----- DATASET CONTENT -----

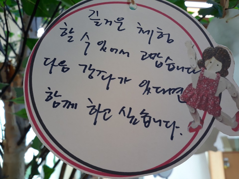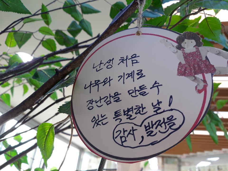 도심권센터 8층 작은목공실 앞, 소망나무에 걸린 글귀를 되새겨보면서 그야말로 작은 감동이 되는 체험이구나
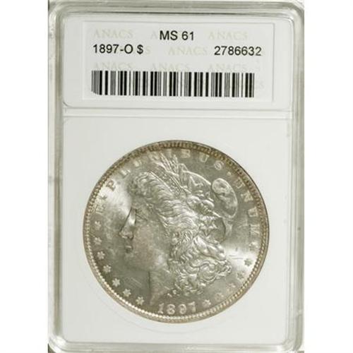 <B>1897-O $1 MS61 ANACS.</B></I> NGC Census: (399/741). PCGS Population (276/723). Mintage: 4,004,000. Numismedia Wsl. Price for NGC/PCGS coin in MS61: $1,025. (#7248)<BR><BR><B>Coin Engraver:</B> George T. Morgan<BR><BR><b>Shipping:</b> Coins & Currency (<a target="_blank" href="http://www.heritageauctions.com/common/shipping.php">view shipping information</a>)
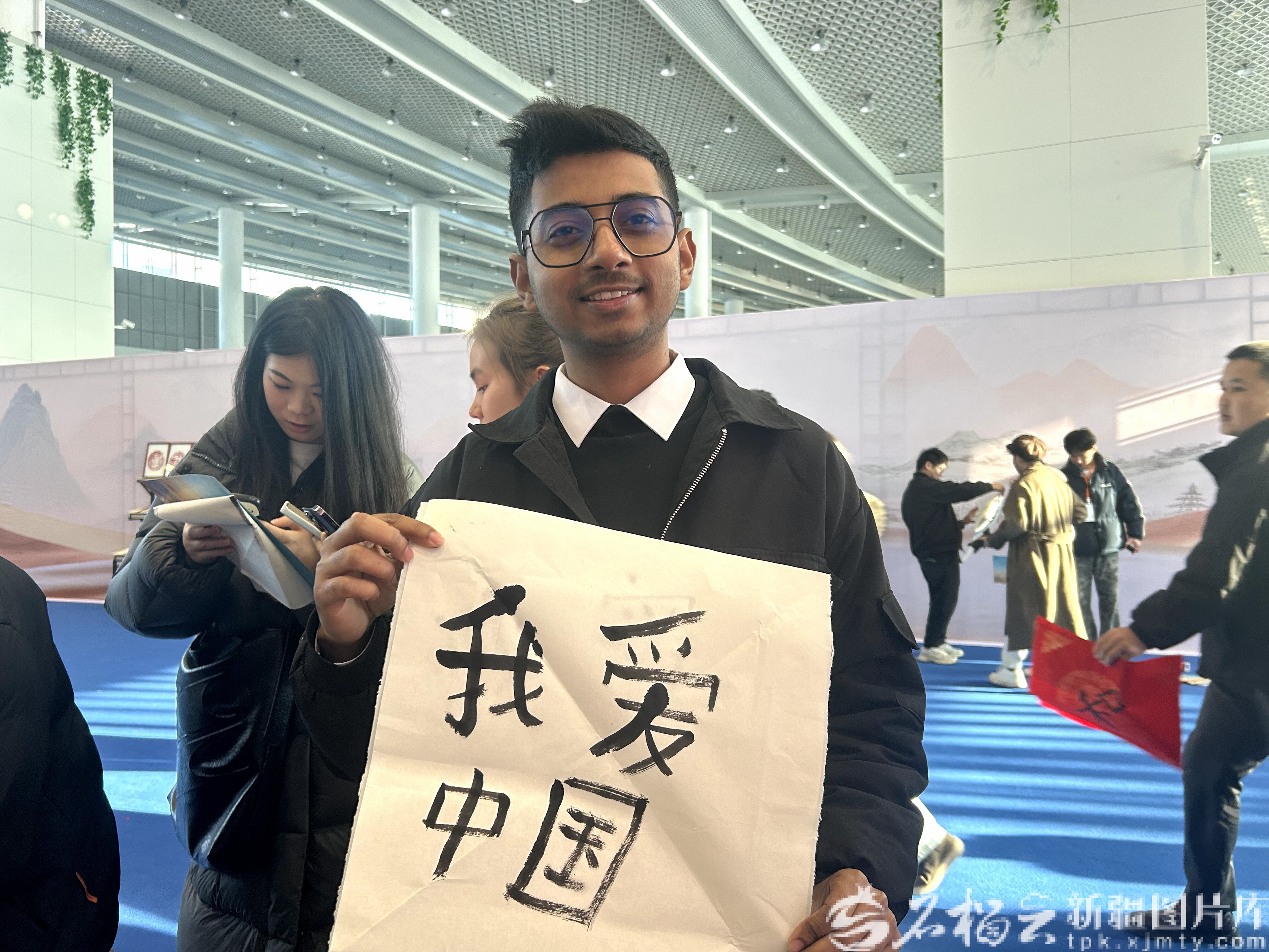 在書法展示區(qū),青年們紛紛拿起毛筆,在朱紅暗紋宣紙上用中文寫下自己的名字,看著手中的作品,大家臉上露出了開心的笑容。來自孟加拉國的梅拉杰是新疆大學(xué)留學(xué)生,他寫下了“我愛中國”四個(gè)字:“在中國留學(xué)期間,我感受到了這里的人們熱情淳樸,我深深愛上了這個(gè)國家。”
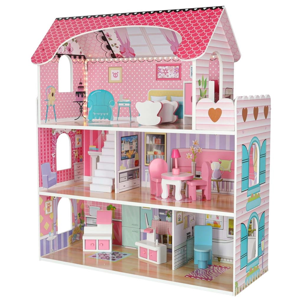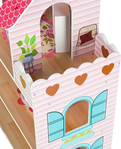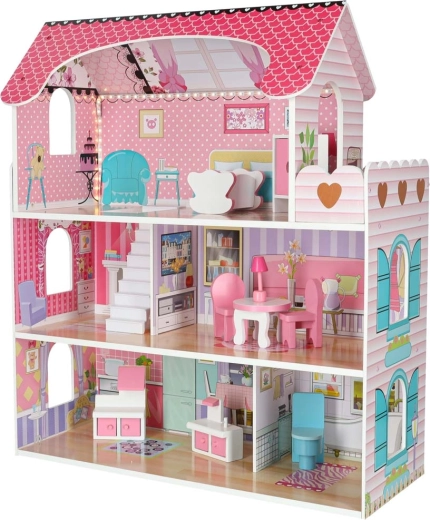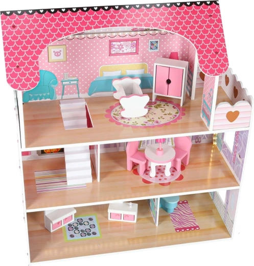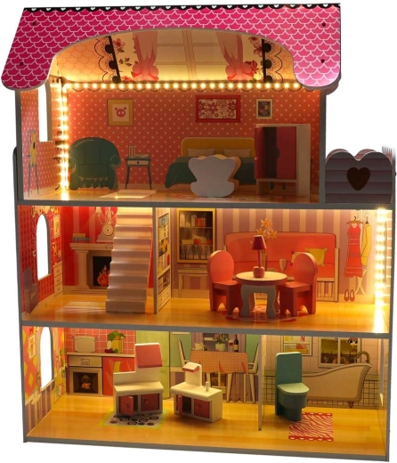 Stiilne 70 cm kõrgune puidust nukumaja pakub kolme korrust, 5 hubast tuba ja terrassi. Tänu LED-valgustusele (külm valge) särab see nagu päris kodu ning võib toimida ka öölambina. Komplekti kuulub puidust mööblikomplekt avanevate ustega ning detailsete seinatrükistega veelgi realistlikumaks mänguks.
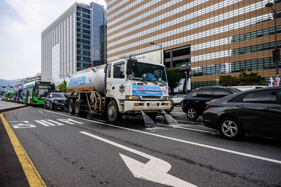 Caminhões-tanque pulverizam água para resfriar o asfalto nas ruas de Seul — Foto: ANTHONY WALLACE / AFP
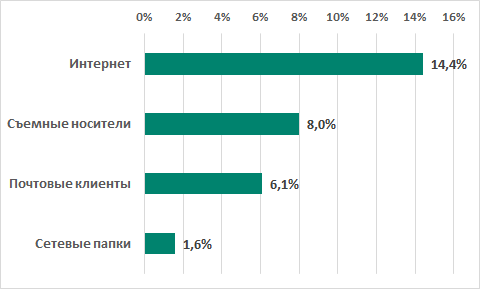 Съемные носители (8%) и сетевые папки (6,1%) чаще всего используются для распространения вредоносного ПО типа черви (Worm). Заразив компьютеры, черви, как правило, загружают на них шпионское (Spyware, Remote Access Trojan) и вымогательское (Ransomware) ПО.
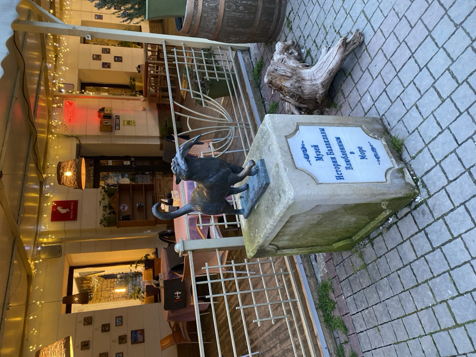 A black cat statue sits on a concrete pedestal with a sign in Cyrillic script. Behind the statue, a restaurant extends inward with tables, chairs, and warm lighting. A barrel and a piece of driftwood are visible to the statue's right. The scene is captured outdoors on a brick walkway. A metal fence separates the statue from the restaurant area.
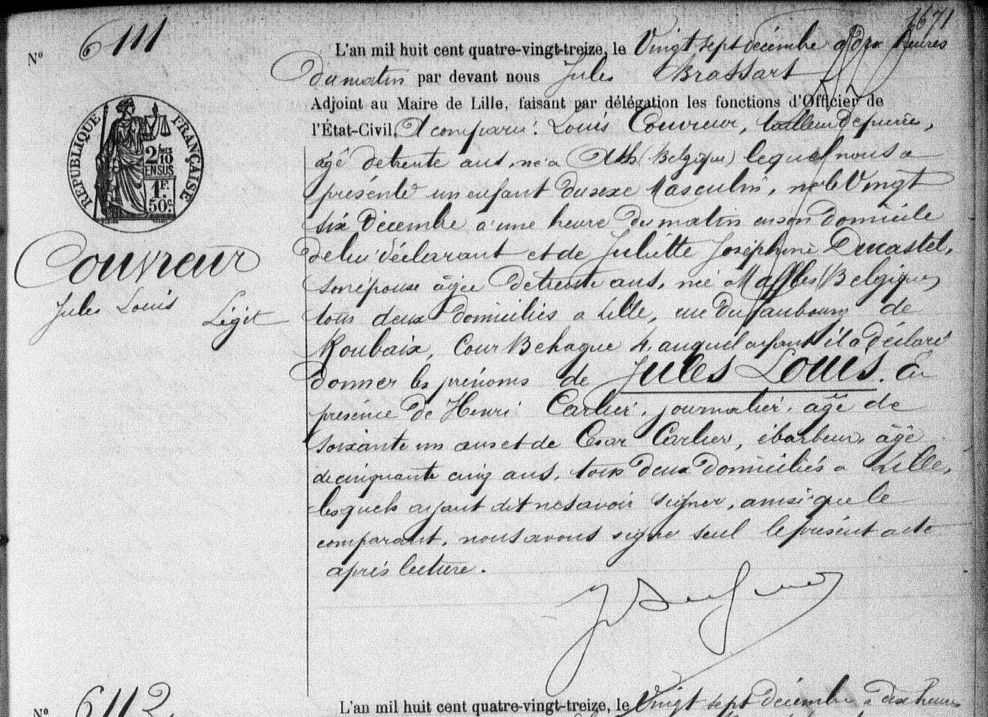 Acte de naissance (Source : Archives départementales du Nord, FR)
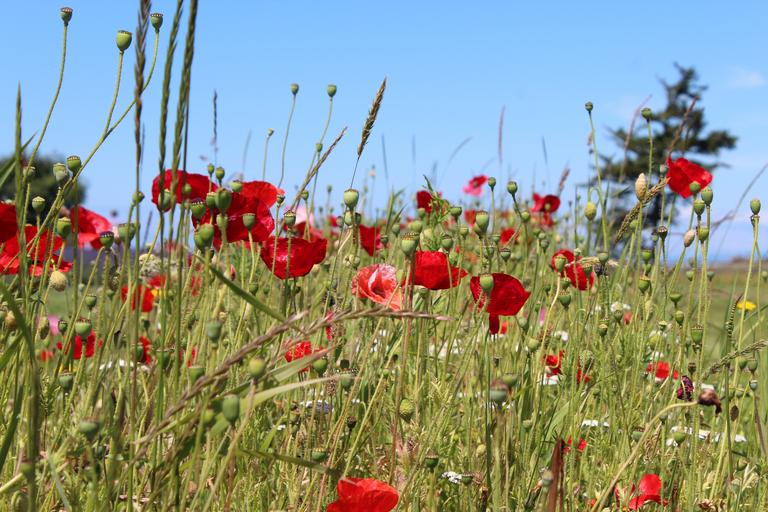 Keywords: poppies flower bloom field red petals buds flora wild herbs nature summer
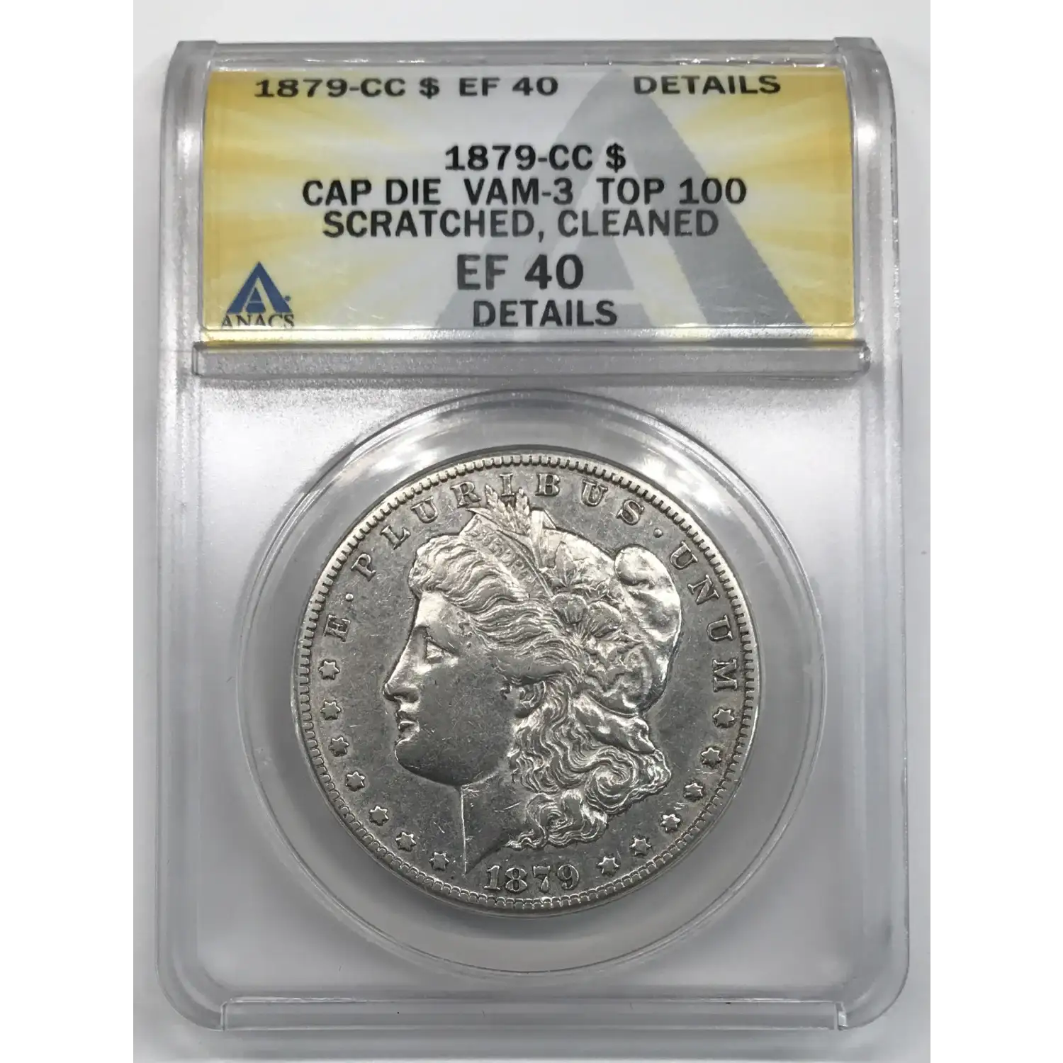 1879 CC Morgan Silver Dollar ANACS EF/XF-40 Details (scratched, cleaned) - TOP 100 VAM-3 Cap/Capped Die

-----

**TASK DIRECTIONS**: Only the pictures are dropped. Otherwise, write out the listing exactly.

**TASK RESPONSE**:
 도심권센터 8층 작은목공실 앞, 소망나무에 걸린 글귀를 되새겨보면서 그야말로 작은 감동이 되는 체험이구나
 <B>1897-O $1 MS61 ANACS.</B></I> NGC Census: (399/741). PCGS Population (276/723). Mintage: 4,004,000. Numismedia Wsl. Price for NGC/PCGS coin in MS61: $1,025. (#7248)<BR><BR><B>Coin Engraver:</B> George T. Morgan<BR><BR><b>Shipping:</b> Coins & Currency (<a target="_blank" href="http://www.heritageauctions.com/common/shipping.php">view shipping information</a>)
 在書法展示區(qū),青年們紛紛拿起毛筆,在朱紅暗紋宣紙上用中文寫下自己的名字,看著手中的作品,大家臉上露出了開心的笑容。來自孟加拉國的梅拉杰是新疆大學(xué)留學(xué)生,他寫下了“我愛中國”四個(gè)字:“在中國留學(xué)期間,我感受到了這里的人們熱情淳樸,我深深愛上了這個(gè)國家。”
 Stiilne 70 cm kõrgune puidust nukumaja pakub kolme korrust, 5 hubast tuba ja terrassi. Tänu LED-valgustusele (külm valge) särab see nagu päris kodu ning võib toimida ka öölambina. Komplekti kuulub puidust mööblikomplekt avanevate ustega ning detailsete seinatrükistega veelgi realistlikumaks mänguks.
 Caminhões-tanque pulverizam água para resfriar o asfalto nas ruas de Seul — Foto: ANTHONY WALLACE / AFP
 Съемные носители (8%) и сетевые папки (6,1%) чаще всего используются для распространения вредоносного ПО типа черви (Worm). Заразив компьютеры, черви, как правило, загружают на них шпионское (Spyware, Remote Access Trojan) и вымогательское (Ransomware) ПО.
 A black cat statue sits on a concrete pedestal with a sign in Cyrillic script. Behind the statue, a restaurant extends inward with tables, chairs, and warm lighting. A barrel and a piece of driftwood are visible to the statue's right. The scene is captured outdoors on a brick walkway. A metal fence separates the statue from the restaurant area.
 Acte de naissance (Source : Archives départementales du Nord, FR)
 Keywords: poppies flower bloom field red petals buds flora wild herbs nature summer
 1879 CC Morgan Silver Dollar ANACS EF/XF-40 Details (scratched, cleaned) - TOP 100 VAM-3 Cap/Capped Die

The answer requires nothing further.